== AVAILABLE DATA ==

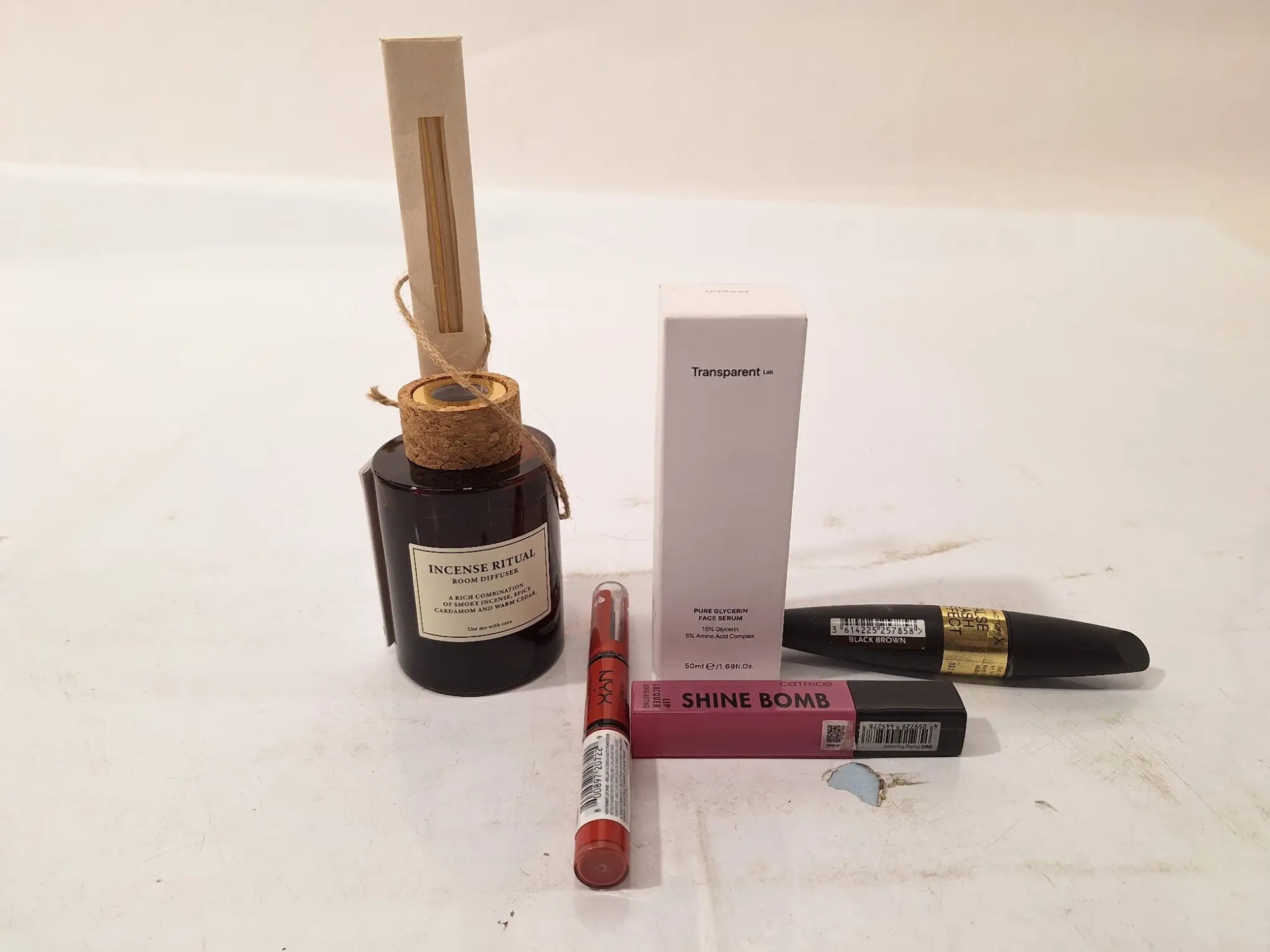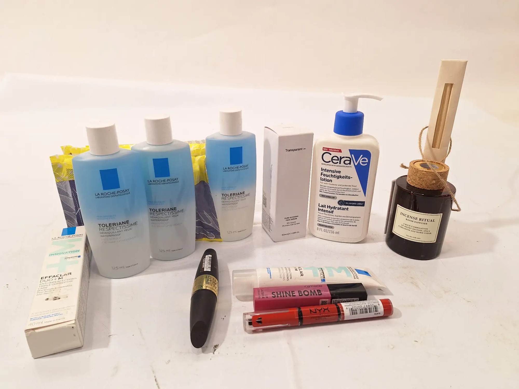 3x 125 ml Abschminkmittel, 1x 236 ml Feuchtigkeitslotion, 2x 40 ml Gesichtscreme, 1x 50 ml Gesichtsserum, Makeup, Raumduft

===
== AVAILABLE DATA ==

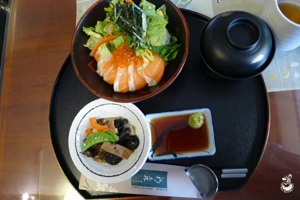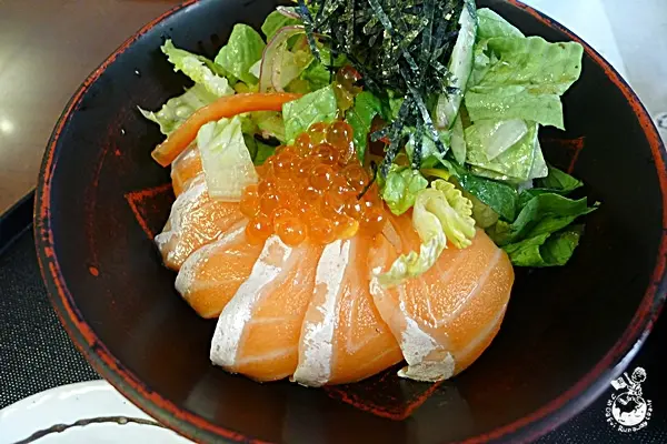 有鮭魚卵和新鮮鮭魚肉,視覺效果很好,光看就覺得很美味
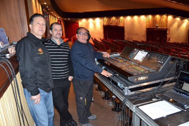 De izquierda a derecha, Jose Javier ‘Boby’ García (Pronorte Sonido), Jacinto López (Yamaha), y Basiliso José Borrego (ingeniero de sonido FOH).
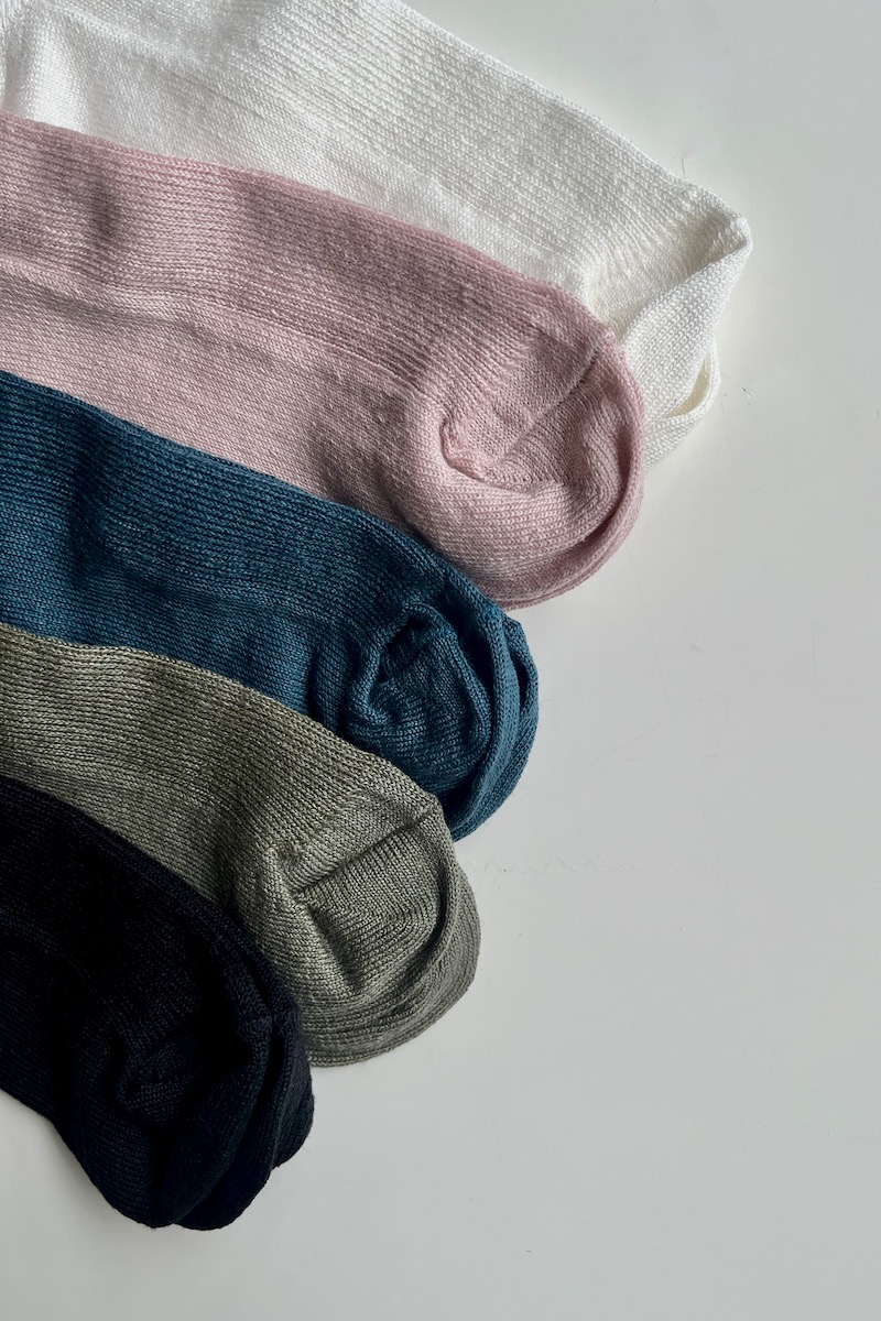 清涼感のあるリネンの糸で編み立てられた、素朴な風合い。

===

Your answer should be the lines above, word for word, from the line with "De izquierda a" through the line with "清涼感のあるリネンの糸で編み立てられた、素朴な風合い。", minus the pictures.

 De izquierda a derecha, Jose Javier ‘Boby’ García (Pronorte Sonido), Jacinto López (Yamaha), y Basiliso José Borrego (ingeniero de sonido FOH).
 清涼感のあるリネンの糸で編み立てられた、素朴な風合い。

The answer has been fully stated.